Collected data section start
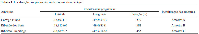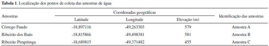 PARTE EXPERIMENTAL Materiais A preparaçao da fase sólida foi realizada com sílica gel com diâmetro de partículas de 40 a 63 µm e de poros de 60 Å (Sigma-Aldrich, Saint Louis, EUA) e poli(dimetilsiloxano-co-alquilmetilsiloxano) (PDAS) (Sigma-Aldrich). Tolueno, clorofórmio, hexano e acetato de etila, todos grau analítico, foram adquiridos da VETEC (Rio de Janeiro, Brasil) ou da Qhemis (Sao Paulo, Brasil). As fases móveis e soluçoes padroes foram preparadas com metanol ou acetonitrila, ambos graus cromatográfico e espectroscópico, que foram adquiridos da JT Baker (Phillipsburg, NJ, EUA). A água ultrapura foi obtida de um ultrapurificador da Megapurity (Billerica, MA, EUA), com resistividade de 18,3 MΩ cm. Todos os solventes foram previamente filtrados, individualmente, em membranas de PTFE de 0,22 µm. Sais NaCl, NaNO3 e Na2SO4 foram adquiridos da Synth (Sao Paulo, Brasil). Os compostos estudados: diurom, parationa metílica e carbendazim foram todos padroes analíticos com grau resíduo de pesticidas (Pestanal), com pureza mínima de 99%, sendo adquiridos da Sigma-Aldrich. Todas as soluçoes dos agrotóxicos foram preparadas inicialmente na concentraçao de 1000 µg mL-1 (soluçoes padrao estoque), individualmente e na forma de misturas. As demais soluçoes foram preparadas a partir das soluçoes estoque. Preparaçao dos cartuchos de extraçao em fase sólida Todos os cartuchos empregados neste trabalho foram preparados em laboratório, seguindo o procedimento desenvolvido por Novais et al.16 Resumidamente, porçoes de sílica pré-ativada a 140 °C por 12 h foram adicionadas a uma soluçao de PDAS a 30% (m/v) em tolueno na proporçao de 1:1:4 (m/m/v), sob agitaçao branda por 3 h à temperatura ambiente (~28 °C) em uma capela. Em seguida, a suspensao do sorvente foi deixada sob repouso em capela para a evaporaçao completa do solvente à temperatura ambiente e sem agitaçao. O material sorvido e seco foi submetido a uma etapa de imobilizaçao térmica em estufa a 110 °C por 12 h para fixaçao do polímero no suporte de sílica. 500 mg da fase sólida Si(PDAS) foram colocados na forma de suspensao (10% m/v em metanol) em seringas de polipropileno de 3 mL. O sorvente foi compactado nas seringas através de centrifugaçao a 2500 rpm por 5 min, sendo retido por filtros de politetrafluoretileno (PTFE). Otimizaçao da extraçao em fase sólida de agrotóxicos de água Para desenvolvimento e otimizaçao de um método de extraçao em fase sólida dos resíduos de agrotóxicos em água, amostras de 50 mL de água ultrapura foram fortificadas com uma soluçao padrao dos agrotóxicos, obtendo uma concentraçao final de 0,5 µg mL-1 de cada composto. Essas amostras foram eluídas em cartuchos Si(PDAS) conectados a um sistema de vácuo Manifold SPE Restek, modelo ResPrep-12 (Bellafonte, PA, EUA). O procedimento de extraçao consistiu na eluiçao de 20 mL de água ultrapura para ativaçao da fase sólida, seguida da eluiçao de 50 mL de amostras de água fortificadas com 0,5 µg mL-1 de cada agrotóxico. Após a passagem da amostra, os cartuchos permaneceram por 5 min sob vácuo para secagem da fase sólida. Em seguida, 5 mL de solvente de menor afinidade (hexano) pelos compostos foram eluídos pelo cartucho para remoçao de potenciais interferentes. Por fim, um volume de 0,5 mL do solvente de eluiçao (metanol) foi passado pelos cartuchos para recuperaçao dos resíduos de agrotóxicos. Para otimizaçao do procedimento de extraçao pelos cartuchos preparados em laboratório, foram avaliados os solventes de limpeza e de eluiçao: metanol, acetonitrila, acetato de etila e hexano; o volume de amostras de água: 50 a 1000 mL; o pH da amostra água; a adiçao de eletrólito: NaNO3, NaCl e Na2SO4, e a concentraçao do eletrólito: 50 a 500 mmol L-1. Validaçao do método O método de determinaçao de resíduos de parationa metílica, diurom e carbendazim em água, empregando a extraçao em fase sólida com cartuchos Si(PDAS) preparados em laboratório, foi validado de acordo com o protocolo preconizado pela Comunidade Europeia, documento SANTE/11945/2015.17 Os seguintes parâmetros analíticos foram avaliados no estudo de validaçao: seletividade, linearidade, efeito de matriz, limites de detecçao e de quantificaçao; precisao (repetibilidade e reprodutibilidade dentro do laboratório), exatidao e robustez. Análise de amostras de águas superficiais coletadas no Triângulo Mineiro, MG-Brasil A aplicabilidade dos cartuchos Si(PDAS) preparados em laboratório foi avaliada, de acordo com o método validado, na extraçao de resíduos de agrotóxicos em três amostras de águas coletadas em ribeiroes localizados dentro de regioes de cultivo de cana-de-açúcar no Triângulo Mineiro, MG-Brasil. As amostras foram coletadas de acordo com as coordenadas geográficas apresentadas na Tabela 1.
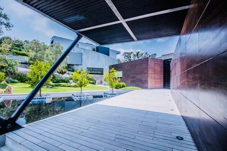 -ZONA INTIMA- Sala de estar familiar y TV muy grande, Estudio puede funcionar como gimnasio. Alberca preciosa con gimnasio con pérgola al aire libre. 4 recamaras espaciosas, preciosa vista profunda, 6 baños completos de gusto impecable,
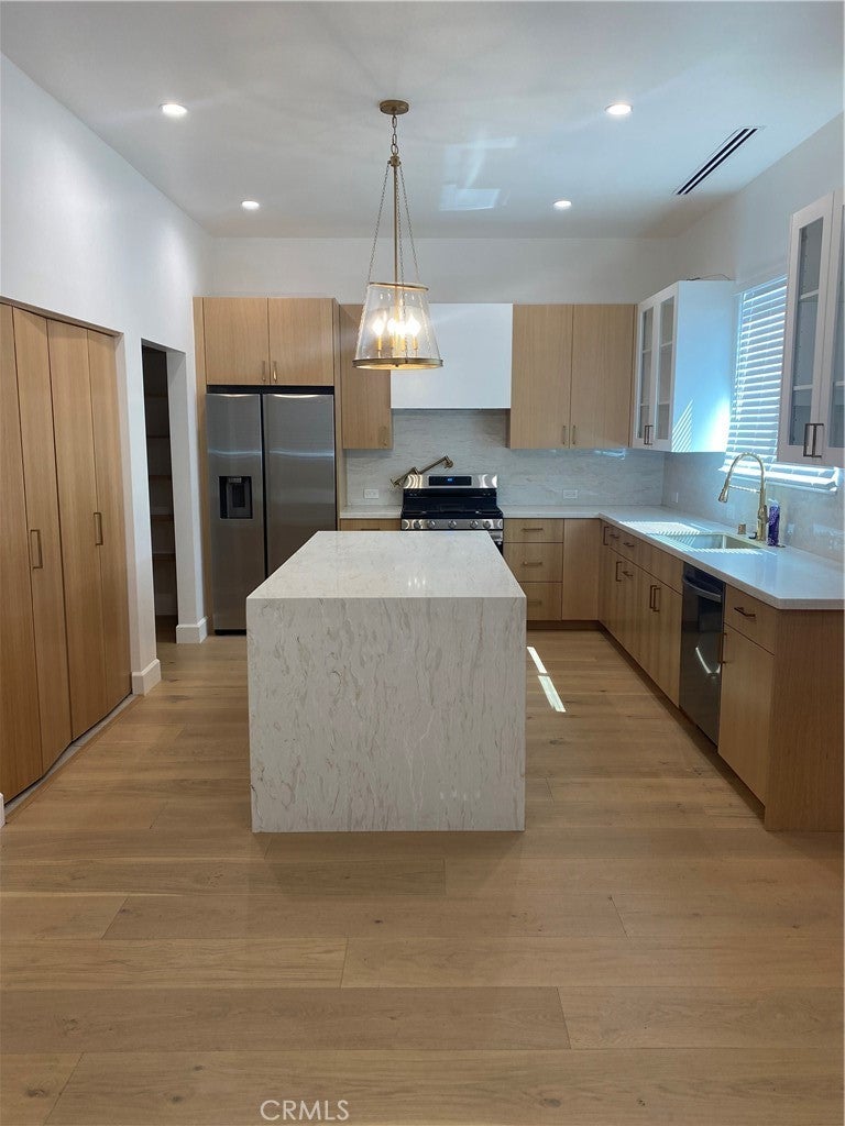 Vouchers welcome! Available now! This beautifully completely remodeled 3-bedroom, 2-bath home offers luxury and style. Featuring 10-foot ceilings, white oak hardwood floors, and elegant gold accents, this space is designed for modern living. The open-concept kitchen boasts custom cabinetry, quartz countertops, and high-end Samsung appliances—ideal for cooking and entertaining. The home also features sleek finishes, 96-inch doors, and modern HVAC vents throughout. Outside, enjoy a private, low-maintenance yard with artificial turf, California gold gravel, and block walls. Please note: The attached ADU units are not included in this rental. Ready for immediate move-in, this home is perfect for those seeking comfort and convenience. Don’t miss your chance to make it yours!
Collected data section end
### Problem to work on
A word-for-word copy of the listing is the goal; keep every picture out of it.

### Worked solution
 PARTE EXPERIMENTAL Materiais A preparaçao da fase sólida foi realizada com sílica gel com diâmetro de partículas de 40 a 63 µm e de poros de 60 Å (Sigma-Aldrich, Saint Louis, EUA) e poli(dimetilsiloxano-co-alquilmetilsiloxano) (PDAS) (Sigma-Aldrich). Tolueno, clorofórmio, hexano e acetato de etila, todos grau analítico, foram adquiridos da VETEC (Rio de Janeiro, Brasil) ou da Qhemis (Sao Paulo, Brasil). As fases móveis e soluçoes padroes foram preparadas com metanol ou acetonitrila, ambos graus cromatográfico e espectroscópico, que foram adquiridos da JT Baker (Phillipsburg, NJ, EUA). A água ultrapura foi obtida de um ultrapurificador da Megapurity (Billerica, MA, EUA), com resistividade de 18,3 MΩ cm. Todos os solventes foram previamente filtrados, individualmente, em membranas de PTFE de 0,22 µm. Sais NaCl, NaNO3 e Na2SO4 foram adquiridos da Synth (Sao Paulo, Brasil). Os compostos estudados: diurom, parationa metílica e carbendazim foram todos padroes analíticos com grau resíduo de pesticidas (Pestanal), com pureza mínima de 99%, sendo adquiridos da Sigma-Aldrich. Todas as soluçoes dos agrotóxicos foram preparadas inicialmente na concentraçao de 1000 µg mL-1 (soluçoes padrao estoque), individualmente e na forma de misturas. As demais soluçoes foram preparadas a partir das soluçoes estoque. Preparaçao dos cartuchos de extraçao em fase sólida Todos os cartuchos empregados neste trabalho foram preparados em laboratório, seguindo o procedimento desenvolvido por Novais et al.16 Resumidamente, porçoes de sílica pré-ativada a 140 °C por 12 h foram adicionadas a uma soluçao de PDAS a 30% (m/v) em tolueno na proporçao de 1:1:4 (m/m/v), sob agitaçao branda por 3 h à temperatura ambiente (~28 °C) em uma capela. Em seguida, a suspensao do sorvente foi deixada sob repouso em capela para a evaporaçao completa do solvente à temperatura ambiente e sem agitaçao. O material sorvido e seco foi submetido a uma etapa de imobilizaçao térmica em estufa a 110 °C por 12 h para fixaçao do polímero no suporte de sílica. 500 mg da fase sólida Si(PDAS) foram colocados na forma de suspensao (10% m/v em metanol) em seringas de polipropileno de 3 mL. O sorvente foi compactado nas seringas através de centrifugaçao a 2500 rpm por 5 min, sendo retido por filtros de politetrafluoretileno (PTFE). Otimizaçao da extraçao em fase sólida de agrotóxicos de água Para desenvolvimento e otimizaçao de um método de extraçao em fase sólida dos resíduos de agrotóxicos em água, amostras de 50 mL de água ultrapura foram fortificadas com uma soluçao padrao dos agrotóxicos, obtendo uma concentraçao final de 0,5 µg mL-1 de cada composto. Essas amostras foram eluídas em cartuchos Si(PDAS) conectados a um sistema de vácuo Manifold SPE Restek, modelo ResPrep-12 (Bellafonte, PA, EUA). O procedimento de extraçao consistiu na eluiçao de 20 mL de água ultrapura para ativaçao da fase sólida, seguida da eluiçao de 50 mL de amostras de água fortificadas com 0,5 µg mL-1 de cada agrotóxico. Após a passagem da amostra, os cartuchos permaneceram por 5 min sob vácuo para secagem da fase sólida. Em seguida, 5 mL de solvente de menor afinidade (hexano) pelos compostos foram eluídos pelo cartucho para remoçao de potenciais interferentes. Por fim, um volume de 0,5 mL do solvente de eluiçao (metanol) foi passado pelos cartuchos para recuperaçao dos resíduos de agrotóxicos. Para otimizaçao do procedimento de extraçao pelos cartuchos preparados em laboratório, foram avaliados os solventes de limpeza e de eluiçao: metanol, acetonitrila, acetato de etila e hexano; o volume de amostras de água: 50 a 1000 mL; o pH da amostra água; a adiçao de eletrólito: NaNO3, NaCl e Na2SO4, e a concentraçao do eletrólito: 50 a 500 mmol L-1. Validaçao do método O método de determinaçao de resíduos de parationa metílica, diurom e carbendazim em água, empregando a extraçao em fase sólida com cartuchos Si(PDAS) preparados em laboratório, foi validado de acordo com o protocolo preconizado pela Comunidade Europeia, documento SANTE/11945/2015.17 Os seguintes parâmetros analíticos foram avaliados no estudo de validaçao: seletividade, linearidade, efeito de matriz, limites de detecçao e de quantificaçao; precisao (repetibilidade e reprodutibilidade dentro do laboratório), exatidao e robustez. Análise de amostras de águas superficiais coletadas no Triângulo Mineiro, MG-Brasil A aplicabilidade dos cartuchos Si(PDAS) preparados em laboratório foi avaliada, de acordo com o método validado, na extraçao de resíduos de agrotóxicos em três amostras de águas coletadas em ribeiroes localizados dentro de regioes de cultivo de cana-de-açúcar no Triângulo Mineiro, MG-Brasil. As amostras foram coletadas de acordo com as coordenadas geográficas apresentadas na Tabela 1.
 -ZONA INTIMA- Sala de estar familiar y TV muy grande, Estudio puede funcionar como gimnasio. Alberca preciosa con gimnasio con pérgola al aire libre. 4 recamaras espaciosas, preciosa vista profunda, 6 baños completos de gusto impecable,
 Vouchers welcome! Available now! This beautifully completely remodeled 3-bedroom, 2-bath home offers luxury and style. Featuring 10-foot ceilings, white oak hardwood floors, and elegant gold accents, this space is designed for modern living. The open-concept kitchen boasts custom cabinetry, quartz countertops, and high-end Samsung appliances—ideal for cooking and entertaining. The home also features sleek finishes, 96-inch doors, and modern HVAC vents throughout. Outside, enjoy a private, low-maintenance yard with artificial turf, California gold gravel, and block walls. Please note: The attached ADU units are not included in this rental. Ready for immediate move-in, this home is perfect for those seeking comfort and convenience. Don’t miss your chance to make it yours!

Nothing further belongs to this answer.